Lula cumpre um ano: valeu a pena?
Rocco Cotroneo (*)
Crescimento bloqueado. Desocupação aumentando. Reformas sem solução. Todavia os estrangeiros investem, a confiança se mantém e também a Bolsa voltou a deslanchar. Para o "homem dos milagres", que tinha que mudar o colosso sul-americano (e a esquerda mundial), chegou o momento do primeiro balanço. Ai está.
Lula fala, Lula ri, Lula decide, Lula não decide. As democracias presidenciais têm isso de bonito: o povo elegeu uma pessoa de carne e osso, olha somente para ele de manhã à noite e também nos fins de semana. Todo o resto é contorno. O que está fazendo Lula? – é a primeira pergunta que um brasileiro ouve ao botar um pé fora do país. Ou talvez um turista estrangeiro, que tenha somente passado uma semana pegando sol na praia: – Vai bem ou não? Ainda agrada? É verdade que prometeu muito e o Brasil continua o mesmo? Qualquer resposta que se procure aprofundar desilude um pouco. O sistema é à rockstar, a regras da política-espetáculo, personalizada, nesse caso valem o dobro.

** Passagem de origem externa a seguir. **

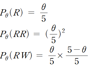 이때, 두 번 뽑았을 때 RR이 나올 때 theta에 대한 가능도 함수는 아래와 같이 정의된다.

Comecemos então, de outra forma. Com uma lista daquilo, que seguramente, Luiz Inácio Lula da Silva não fez, desde 27 de outubro do ano passado, quando foi eleito presidente do Brasil, com esmagadora votação. Não fez a revolução, mas isso era esperado. Não fez fugir do país os capitais e as empresas, nem criou pânico em Wall Street, como preconizavam seus adversários. Não brigou praticamente com ninguém, deixando com poucos argumentos seus opositores internos. Até agora não tomou decisão alguma considerada digna de constar dos livros de história. Idéias muitas, escolhas pouquinhas. Não entusiasmou os pobres, nem desiludiu os ricos. Quem votou nele o refaria, quem não votou ficou com algumas dúvidas, mas nada de desesperar.
Que tipo de presidente, revelou-se então, o vencedor acompanhado a Brasília com expressões fortes como sonho, esperança, mito, história, paixão? Talvez o melhor caminho para entendê-lo é voltar ao homem. Lula é um ex-operário de origens camponesas, que a vida inteira, essencialmente, foi sindicalista e viveu cercado de um grupo de fiéis "companheiros". Dos campos áridos do Nordeste Lula trouxe consigo a paciência camponesa e o olhar para o céu sem uma nuvem, à espera da chuva. Muitas vezes da impressão de movimentar-se como se devesse ficar no governo por algumas décadas. Um passo de cada vez e, quando necessário, um passo atrás. Não tem as ambições dos seus velhos amigos Hugo Chávez e Fidel Castro; o primeiro sonha verdadeiramente em ficar no poder da Venezuela até o fim de seus dias; o segundo em Cuba o conseguirá.
Todavia, como eles, Lula tem consciência de ter nas costas séculos de problemas, e para resolvê-los seria necessário muito tempo. Pode-se dizer isso, numa democracia, a quem enfiou a cédula na urna com teu nome porque não tem emprego, casa, água potável e hospitais? Certamente não, contudo se pode pensar e agir de conseqüência também numa democracia. Ponto a favor da honestidade intelectual, até agora.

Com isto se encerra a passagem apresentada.